What is the antisemitic ‘space lasers’ conspiracy once peddled by Marjorie Taylor Greene?
Marjorie Taylor Greene swears at Emily Maitlis in outburst over conspiracy question
The News Agents

Marjorie Taylor Greene, the Georgia representative, shocked the internet on Wednesday when footage was released of her telling The News Agents journalist Emily Maitlis to “f*** off” after the reporter questioned the Republican on why Donald Trump attracts so many people - like Greene - who support conspiracy theories.

Maitlis asked: “Can you tell me why so many people that support Donald Trump love conspiracy theories, including yourself? He seems to attract lots of conspiracy theorists.”

In response, Greene said Maitlis was the conspiracy theorist, with “the left and the media” spreading more conspiracy theorists.

“We like the truth, we like supporting our constitution, our freedoms and America First.”

Maitlis pressed further: “What about Jewish space lasers. Tell us about Jewish space lasers.”

At which point, Greene snapped back: “Why don’t you go talk about Jewish space lasers and really, why don’t you f*** off, how about that?”

The question relates to a since-deleted Facebook post from Greene from November 2018, reported by US news outlet MediaMatters in January 2021, concerning the 2018 California wildfire dubbed Camp Fire which killed 85 people.

She wrote: “I’m posting this in speculation because there are too many coincidences to ignore.

“I find it very interested that Roger Kimmel on the board of directors of PG&E [Pacific Gas & Electric, whose faulty electrical grid triggered the blaze] is also vice chairman of Rothschild Inc, international investment banking firm.

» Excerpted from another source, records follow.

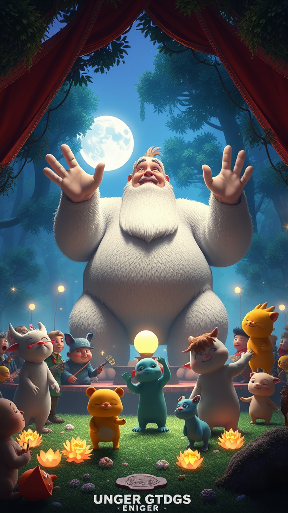 A vibrant animation key shot featuring a colossal, gentle giant performing energetically on stage, surrounded by an ensemble of whimsical, smaller creatures playing various instruments. The scene is captured in a medium shot, showcasing a harmonious blend of Studio Ghibli's charm, Pixar's character appeal, and Disney's enchanting details, rendered in stunning 3D with Unreal Engine 5. The atmosphere is imbued with Greg Rutkowski's signature anime-inspired key art, adorned with ethereal bloom effects and dramatic, dynamic lighting that highlights the textures and expressions. The stage is a mystical forest clearing, with glowing mystical plants and softly illuminated by the moon, creating a magical and heartwarming ambiance.
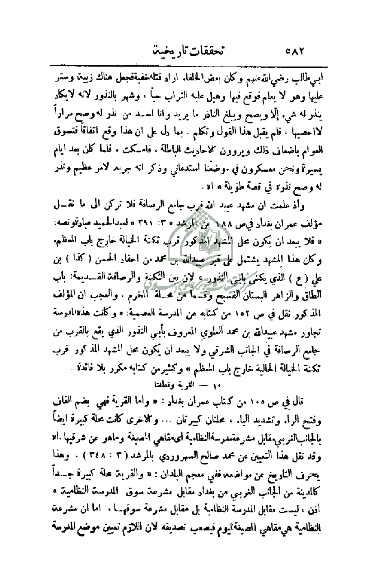 قال في ص 105 من كتاب عمران بغداد: (وأما القرية فهي بضم القاف وفتح الراء وتشديد الياء، محلتان كبيرتان. . . والأخرى كانت محلة كبيرة أيضاً بالجانب الغربي مقابل
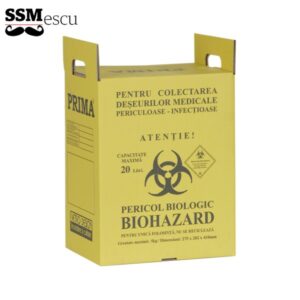 DescriereCutie Incinerare Deseuri Periculoase 20 LCutie paralelipipedica obtinuta din carton triplu, de culoare galbena destinat procesului de colectare, pastrare si depozitare a tuturor deseurilor periculoase si produselor contaminate din laboratoarele medicale/ cosmetice, in vederea distrugerii acestora si a mentinerii celui mai inalt grad de igiena si sterilitate din unitatile respective.Stratul interior este confectionat dintr-un carton…
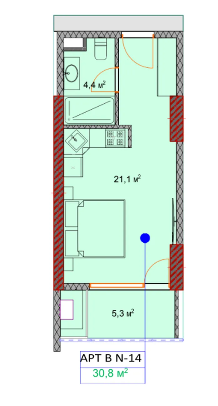 - Zone principale 21,1 м² combine le salon, la chambre et la cuisine, ce qui vous permet d'aménager l'espace en fonction de vos besoins.
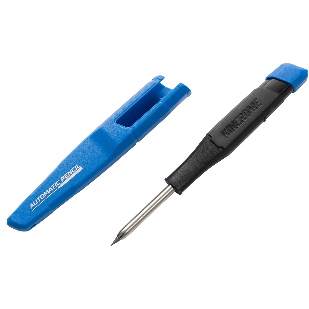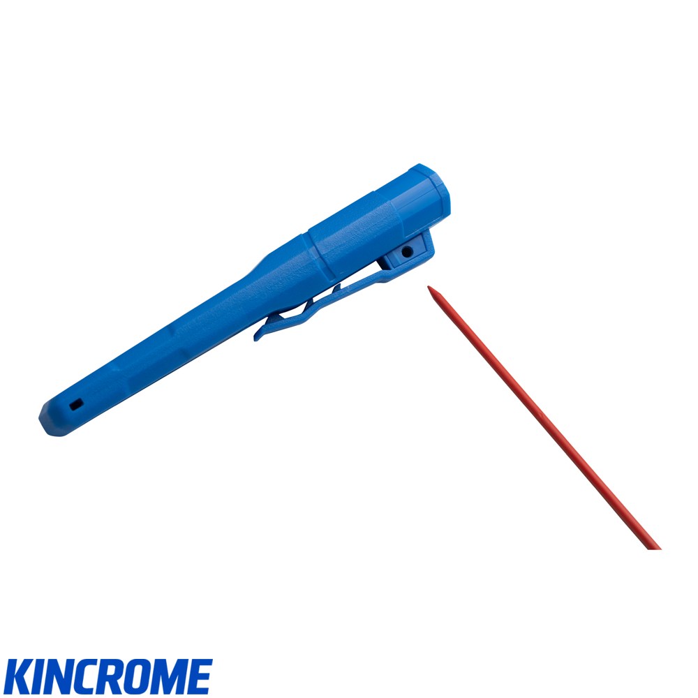 The KINCROME Automatic Mechanical Pencil is a tough, jobsite-ready tool designed to mark on dry, wet, glossy, rough, and dusty surfaces with ease. Featuring a built-in sharpener in the pocket clip, a quick-click lead feed with retractable tip, and a two-in-one cap holster for tip protection and fast access, it combines durability, convenience, and precision—perfect for trades and demanding environments.
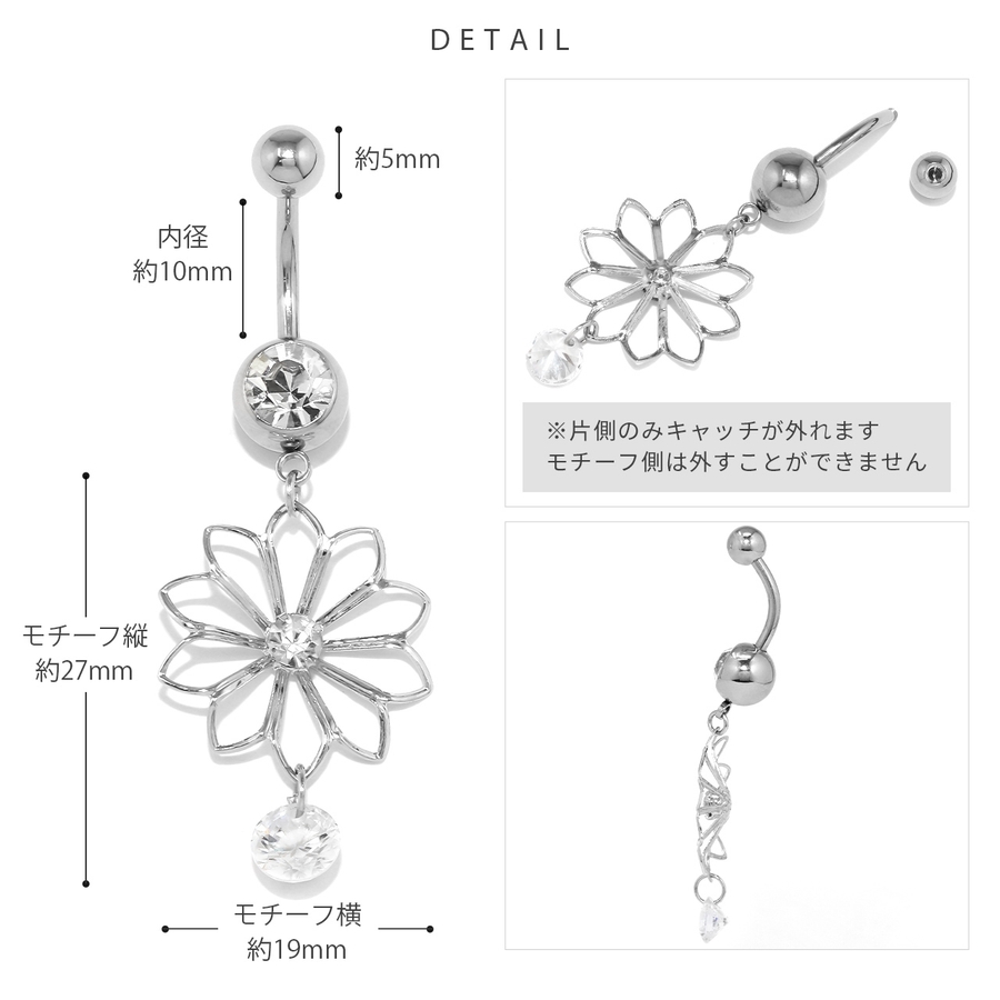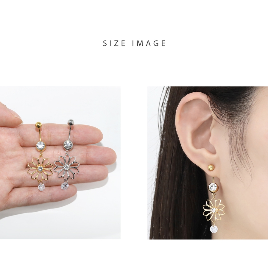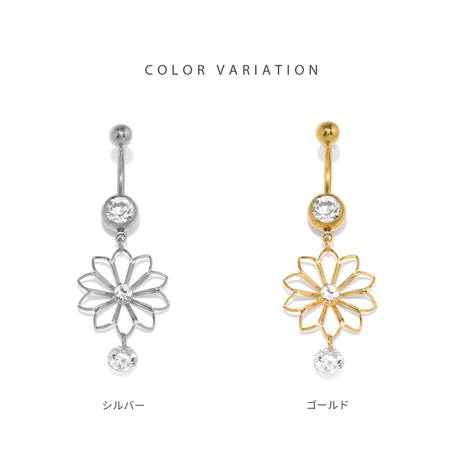 へそピアス 花フラワーかわいい キラキラジュエルカーブバーベル
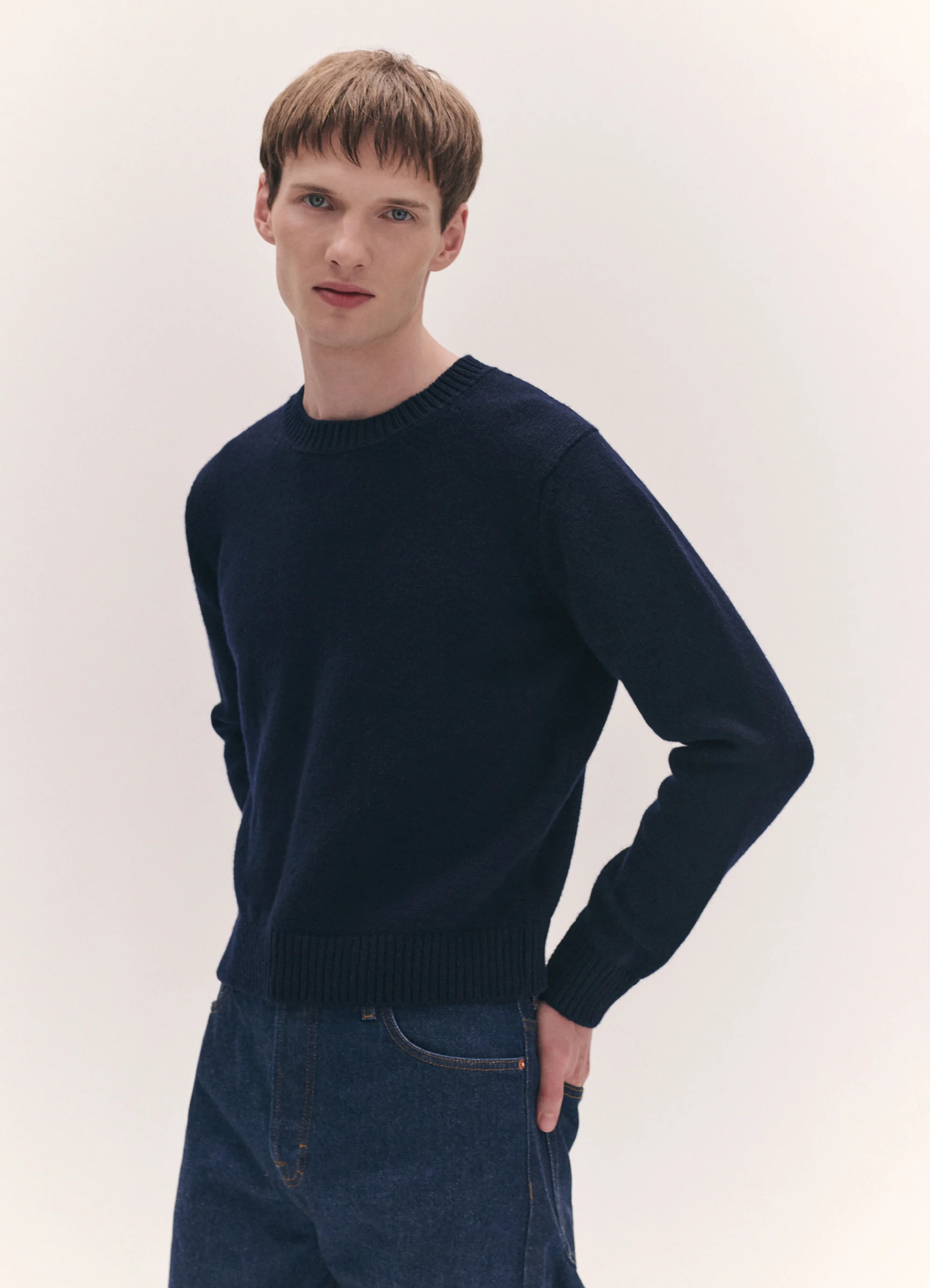 The Rosha Shrunken Crewneck in Navy is crafted in a chunky 5-gauge weight for a beautifully soft hand-feel and tactile warmth. With a subtly shrunken fit with traditional saddle shoulder detail.Ā
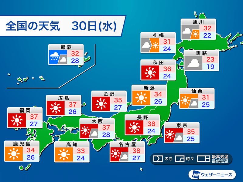 明日30日(水)も上空の高い所まで高気圧に覆われ、本州の各地で猛烈な暑さが続く見通しです。
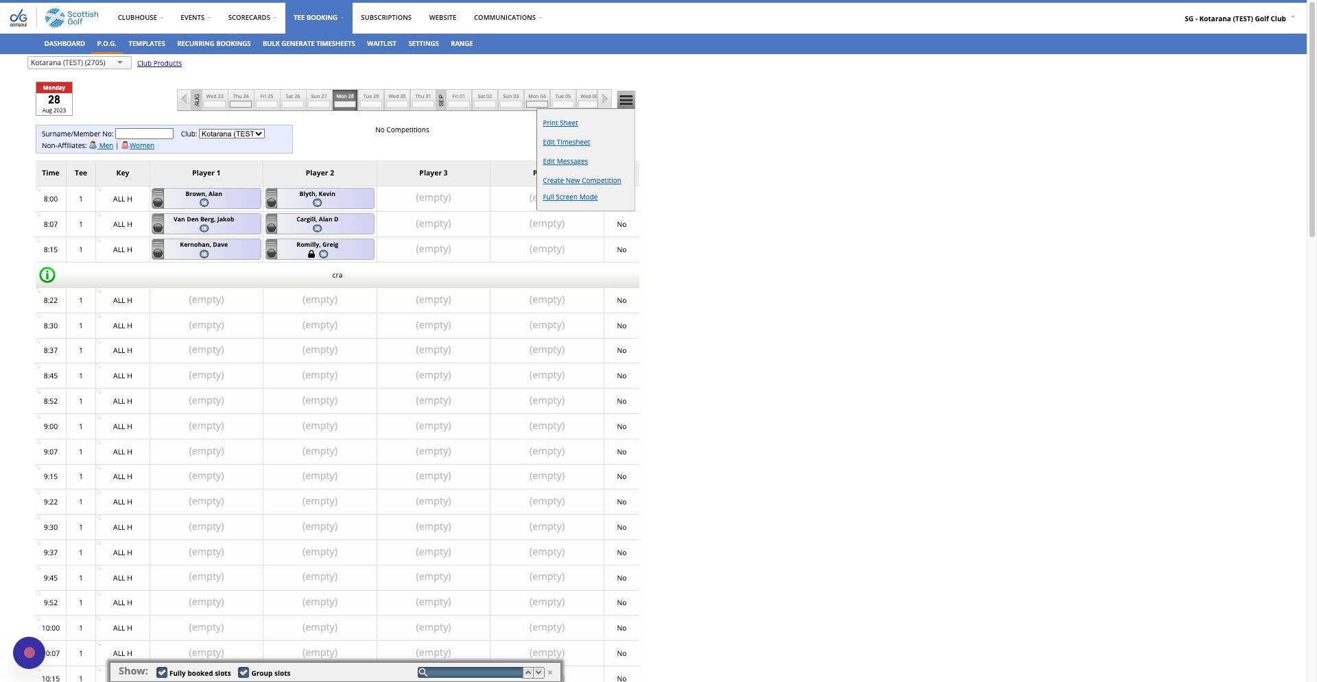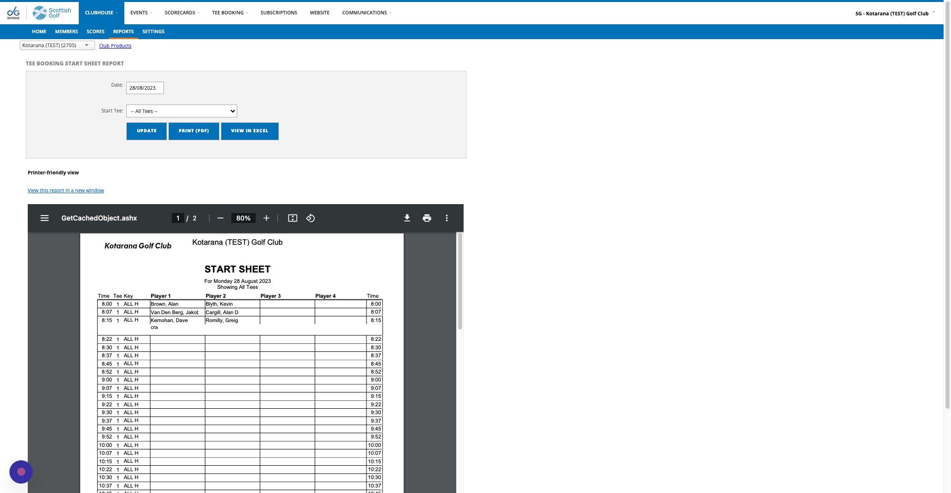 4\. Click this button. You can tehn download the tee sheet printout and save to you pc.
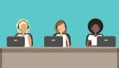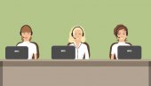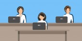 Zdjęcie "Bannery pracowników call center. Usługi pomocy technicznej. Młodych mężczyzn w słuchawkach siedział przy biurku. Ludzie ikony. Ilustracja wektorowa." może być wykorzystywane do celów osobistych i komercyjnych zgodnie z warunkami zakupionej licencji Royalty-free. Obraz jest dostępny do pobrania w jakości wysokiej rozdzielczości do 5760x3840.

“Then oddly there are all these people who have said they saw what looked like lasers or blue beams of light causing the fires, and pictures and videos. I don’t know anything about that but I do find it really curious PG&E’s partnership with Solaren on space solar generators starting in 2009.”

Greene went on to explain the generators collect energy from the sun and then beam it to a transmitter on Earth to generate electricity.

“If they are beaming the sun’s energy back to Earth, I’m sure they wouldn’t ever miss a transmitter receiving station, right? I mean mistakes are never made when anything new is invented.

“Could that cause a fire? Hmmm, I don’t know. I hope not! That wouldn’t look so good for PG&E, Rothschild Inc, Solaren or [then California governor] Jerry Brown.”

The Rothschild family of Jewish bankers have long been the subject of antisemitic conspiracy theories, with America’s Anti-Defamation League saying it “plays on stereotypes of Jewish power and connection to money” by claiming a Jewish cabal led by the family “has been manipulating currency and exerting influence on regional and national events”.

In February last year, while appearing on an episode of Donald Trump Jr’s Triggered with Don Jr podcast, Greene addressed the Facebook post and said: “Some reporter had written an article about the post I had made in 2018 and he titled it ‘Jewish space laser’. That’s how I got labelled with it, but I have never… never even said Jewish.

“The names I mentioned I didn’t know about the people; I just knew their names. But I didn’t know anything about their religion or anything like that.”

Then, in her book MTG released in November, she wrote there is not “an antisemitic bone” in her body and that the Facebook post was a “sarcastic social media post”.

She added: “My Savior is a Jewish carpenter who died on the cross for my sins, and I have no antisemitic sentiments whatsoever.”